What microgreens sell best in Forked River?
Sunflower, pea shoots, and radish are the three highest-volume sellers in nearly every U.S. city, including Forked River. Broccoli is the highest-margin variety because of its sulforaphane reputation with health-focused buyers. Specialty varieties like amaranth and shiso command premium pricing from chef-driven restaurants.
How much space do I need to grow microgreens in Forked River?
A 10 by 10 foot room with two shelving units holds 60 to 80 active trays, which is enough to produce $3,000 to $5,000 per month. A basement, garage corner, spare bedroom, or sunroom all work in Forked River's climate. Vertical shelving is the fastest path to higher revenue per square foot.
What is the best app for tracking microgreen production in Forked River?
Grown Like A Pro is the operating system used by working microgreen farms in Forked River. It handles seed density math, watering schedules, harvest timing, inventory, customer orders, and the financial side. Free 30-day trial with no credit card.
How long does it take to learn to grow microgreens commercially?
Most growers in Forked River are selling their first trays within 30 days of starting. Commercial proficiency, meaning you can run 50-plus trays per week without losing crops to mold or under-seeding, takes 60 to 90 days. The seed density and watering math is the single biggest predictor of how fast you get there.

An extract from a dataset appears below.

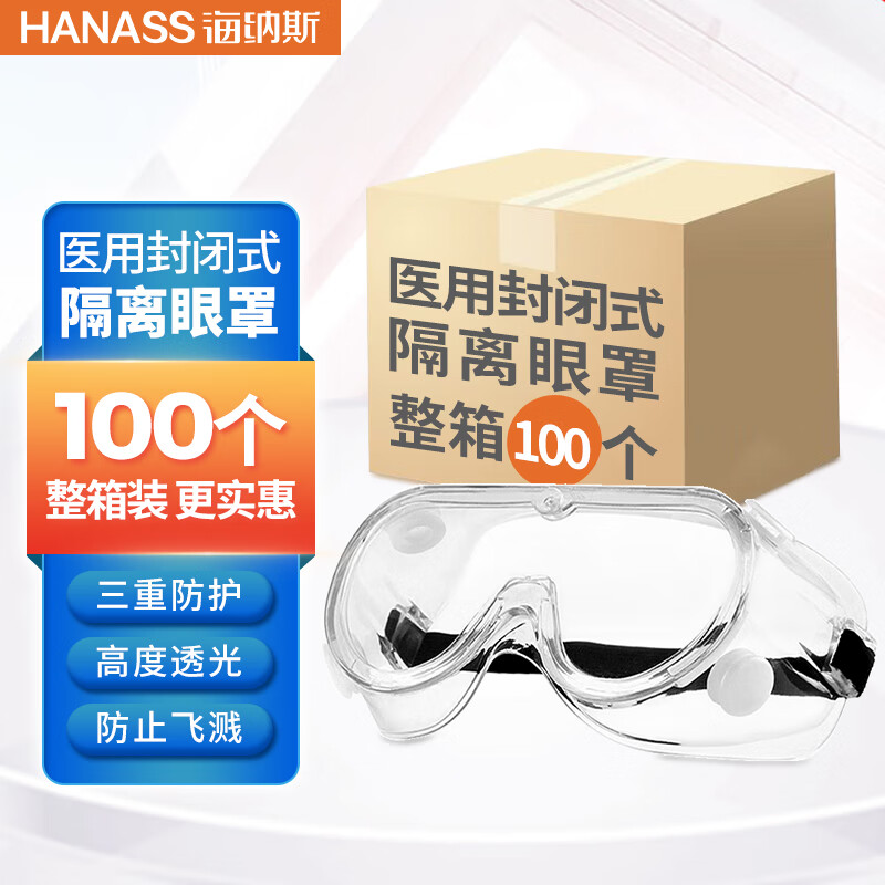 HANASS 医用隔离眼罩护目镜(全封闭型眼镜)整箱集采100件/箱价格:2400.00元!
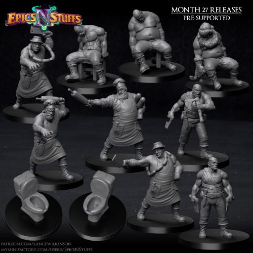 The aim is to produce at least a series of models per month, the longer I do this the more proficient I will become which should hopefully manifest itself in even higher quality and quicker turnaround. ALL Patrons get a 50% discount code for the Epics 'N' Stuffs My Mini Factory account :D *All models are for personal use unless otherwise stated or you're a Patron of the 'Travelling Merchant' tiers Got a question? Please don't hesitate to ask :)

Do I need a license to sell microgreens in Forked River?
For farmers market and direct-to-consumer sales in Forked River, most growers operate under New Jersey's cottage food law with no special license. For wholesale to restaurants and grocery stores, you typically need a basic food handler permit, a sales tax permit, and depending on volume, an inspection from your county health department.
How do I price microgreens to restaurants in Forked River?
Restaurant wholesale in Forked River runs $1.50 to $2.50 per ounce for standard varieties, $3 to $5 per ounce for specialty varieties like shiso, micro basil, or amaranth. Sell by the pound for repeat accounts. Local fresh commands a premium over the shipped-in product that most Forked River restaurants currently buy.

Related guides

Once you have the Forked River math in your head, the next read is the density chart that drives every tray you plant.